== Supplied material ==

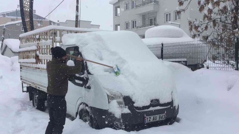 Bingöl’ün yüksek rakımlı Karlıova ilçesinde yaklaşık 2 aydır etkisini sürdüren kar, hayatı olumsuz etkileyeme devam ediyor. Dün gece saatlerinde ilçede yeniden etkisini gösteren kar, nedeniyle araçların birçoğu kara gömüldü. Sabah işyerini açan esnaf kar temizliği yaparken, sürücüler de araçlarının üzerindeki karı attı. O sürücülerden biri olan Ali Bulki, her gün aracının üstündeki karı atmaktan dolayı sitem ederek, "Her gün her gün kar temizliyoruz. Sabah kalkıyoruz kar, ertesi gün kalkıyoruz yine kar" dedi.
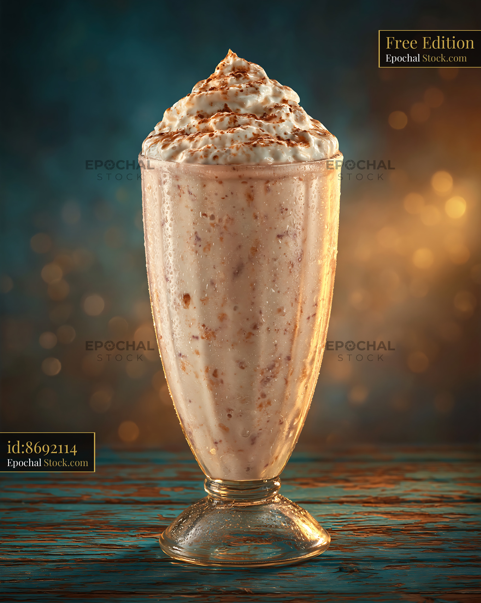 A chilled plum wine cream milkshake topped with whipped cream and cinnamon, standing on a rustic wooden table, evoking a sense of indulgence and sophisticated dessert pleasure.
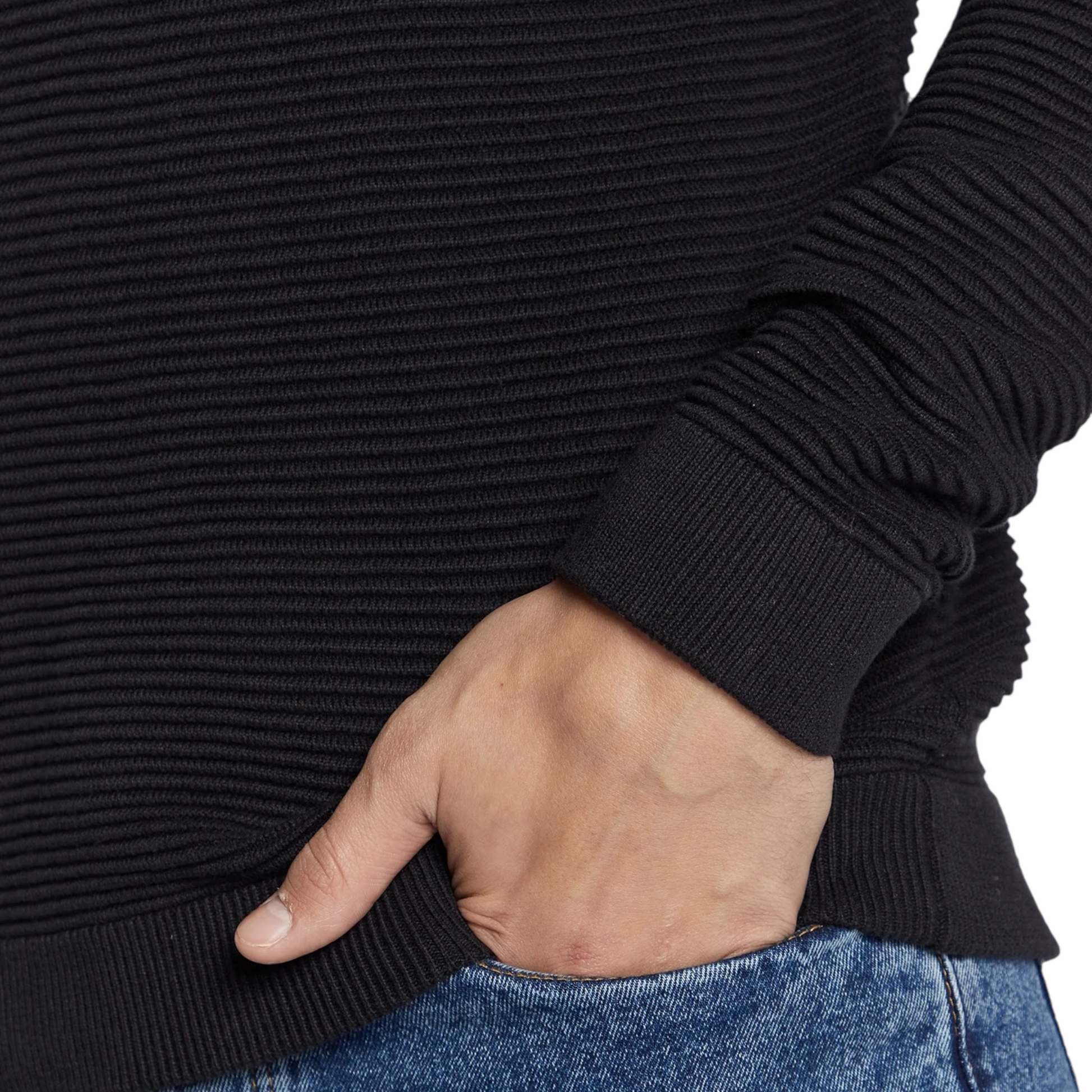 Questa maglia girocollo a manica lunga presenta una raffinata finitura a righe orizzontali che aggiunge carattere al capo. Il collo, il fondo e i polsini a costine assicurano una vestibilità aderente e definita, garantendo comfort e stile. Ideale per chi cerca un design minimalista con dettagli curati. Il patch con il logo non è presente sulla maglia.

== Task instructions ==
Drop the pictures and reproduce the rest of the data above exactly.

== Written response ==
 Bingöl’ün yüksek rakımlı Karlıova ilçesinde yaklaşık 2 aydır etkisini sürdüren kar, hayatı olumsuz etkileyeme devam ediyor. Dün gece saatlerinde ilçede yeniden etkisini gösteren kar, nedeniyle araçların birçoğu kara gömüldü. Sabah işyerini açan esnaf kar temizliği yaparken, sürücüler de araçlarının üzerindeki karı attı. O sürücülerden biri olan Ali Bulki, her gün aracının üstündeki karı atmaktan dolayı sitem ederek, "Her gün her gün kar temizliyoruz. Sabah kalkıyoruz kar, ertesi gün kalkıyoruz yine kar" dedi.
 A chilled plum wine cream milkshake topped with whipped cream and cinnamon, standing on a rustic wooden table, evoking a sense of indulgence and sophisticated dessert pleasure.
 Questa maglia girocollo a manica lunga presenta una raffinata finitura a righe orizzontali che aggiunge carattere al capo. Il collo, il fondo e i polsini a costine assicurano una vestibilità aderente e definita, garantendo comfort e stile. Ideale per chi cerca un design minimalista con dettagli curati. Il patch con il logo non è presente sulla maglia.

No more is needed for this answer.